2nd Circuit Throws Out $64 Million Jury Award Against Fireman’s Fund
A federal appellate court on Tuesday overturned a jury’s award of $64 million against Fireman’s Fund Insurance Co. for allegedly breaching the terms of a reinsurance agreement.
The 2nd Circuit Court of Appeals found that Fireman’s Fund was not liable for claims made by Utica Mutual Insurance Co. under the terms of seven reinsurance contracts that backed up coverage for a New York manufacturing company that sued for asbestos injuries.
The appellate panel found that the reinsurance certificates provided to Utica by Fireman’s were not triggered by the aggregate amount that Utica paid to settle multiple claims; the coverage kicked in only if the payment to settle a single “occurrence,” or accident, exceeded the thresholds stated in schedules included in each policy.
“Given the unambiguous language in the umbrella policies, Fireman’s Fund had no obligation to pay for bodily injury claims that did not exceed bodily injury limits identified in the Schedules,” the court said.
The dispute between the insurers took root more than a half a century ago. From 1966 to 1972, Fireman’s Fund agreed to reinsure umbrella policies that Utica had issued to Goulds Pumps, a Seneca, Falls, N.Y. manufacturing company founded in 1848. Those policies contained schedules that stated an aggregate limit for property damage, but listed only per-occurrence limits for bodily injury claims.
Utica and its policyholder, Goulds Pumps, defended thousands of claims alleging bodily injury caused by asbestos from the company’s products, starting in the 1980s. By 2007, Utica contended that it had paid all that was owed under its insurance contracts with Goulds. The pump manufacturer disagreed and both sides asked federal courts in New York and California for declaratory judgments.
The courts never ruled. The two sides reached a settlement in 2007, agreeing that Utica had paid all that was owed under its primary policies, but $325 million was still available under the umbrella policies that Utica had reinsured with Fireman’s.
The district court judges signed off on the settlement. Utica then asked Fireman’s Fund for $35 million in reimbursement, which amounted to $5 million a year, for seven years. The insurer contended that Fireman’s covered the top half of the policy limit for each umbrella policy issued to Gould’s during those seven years, which would allow it to recoup amounts paid over $5 million up to the $10 million total limit on each policy.
Fireman’s Fund refused. Utica Mutual sued.
A jury for the U.S. District Court in Syracuse, N.Y. ruled that Fireman’s Fund had breached its reinsurance agreement and awarded Utica the $35 million plus $29 million in pre-judgment interest.
Utica argued that Fireman’s Fund was obligated to honor its settlement with Goulds because its reinsurance contract contained a “follow-the-settlements” clause that required it to accept Utica’s interpretation of the umbrella policies. The 2nd Circuit disagreed, saying the New York Court of Appeals has held that follow-the-settlement clauses cannot be used to overturn the language of reinsurance policies.

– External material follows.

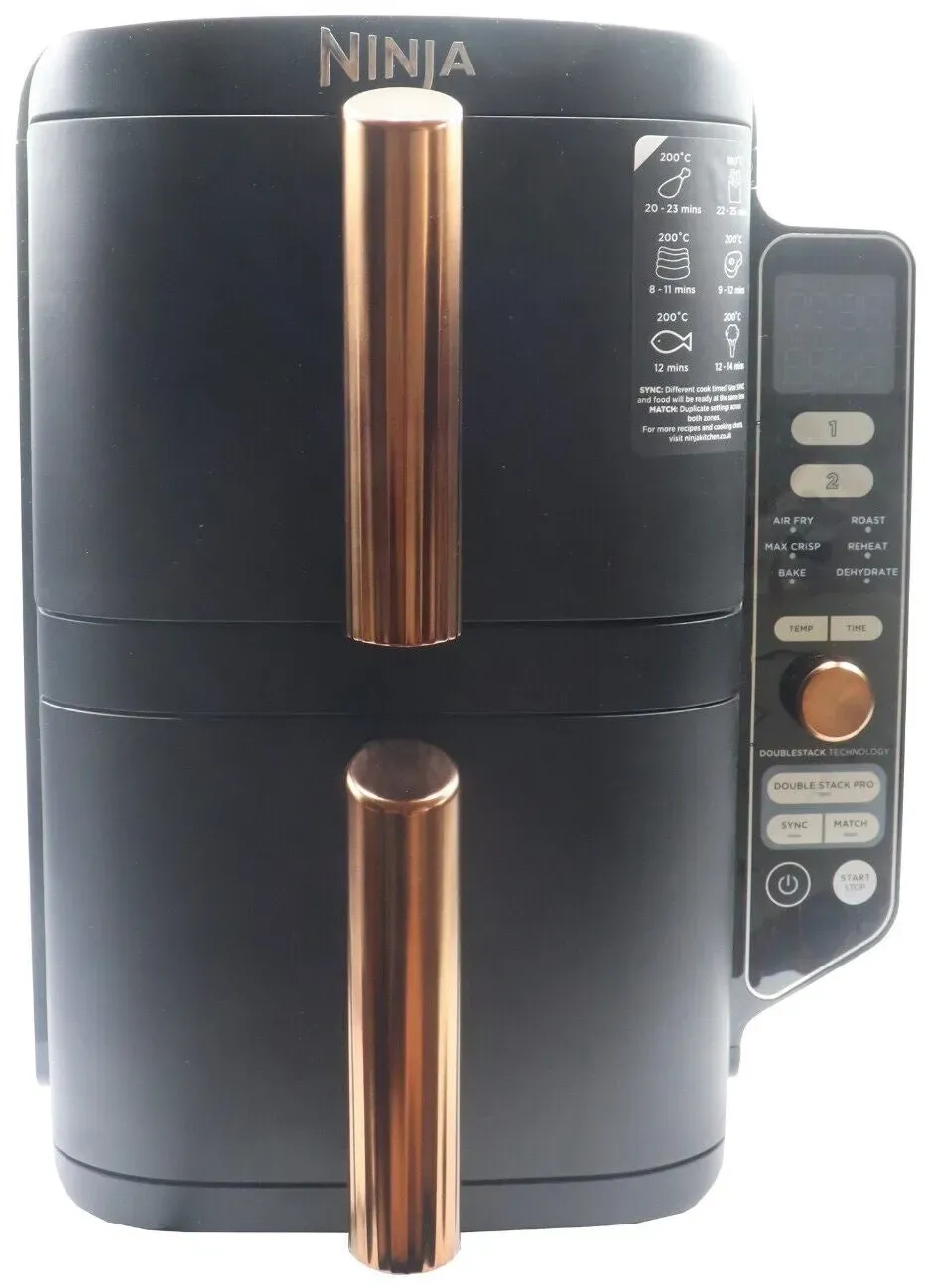 Verfügbarkeit: Sofort lieferbar - Kategorie: Fritteusen - Ninja - GTIN:0622356280822 - Stacked Air Fryer MAX 9.5l, 10.3 kg - 169,96 Euro bei Boomstore - gefunden von billiger.de Die Deluxe Schwarz & Kupfer Variante für 199 Euro von Retech-Shop ist eine Premium-Option mit stilvoller Optik. ![]() ![]() Ninja SL400EUCP Deluxe Schwarz & Kupfer Double Stack XL 2-Ebenen Heißluftfritteuse 9,5 L

The court said the limits on the umbrella policies were clearly stated. The schedule for the 1966-67 umbrella policy, for example lists a $100,000 per person limit and a $300,000 per accident limit for bodily injury claims and a $50,000 per accident limit and a $100,000 aggregate limit for property damage claims.
The court rejected Utica’s argument that the aggregate limits did not have to be stated because Fireman’s Fund’s liability to pay when claims cost exceeded more than $5 million during a policy period was implied by the reinsurance certificate. Other portions of the policy would make no sense if that interpretation were accepted, the panel said.
“Indeed, the Schedules would serve very little purpose since, under Utica’s approach, one could read into the Schedules limits not otherwise stated, even if doing so would directly contradict language in the umbrella policies,” the court said.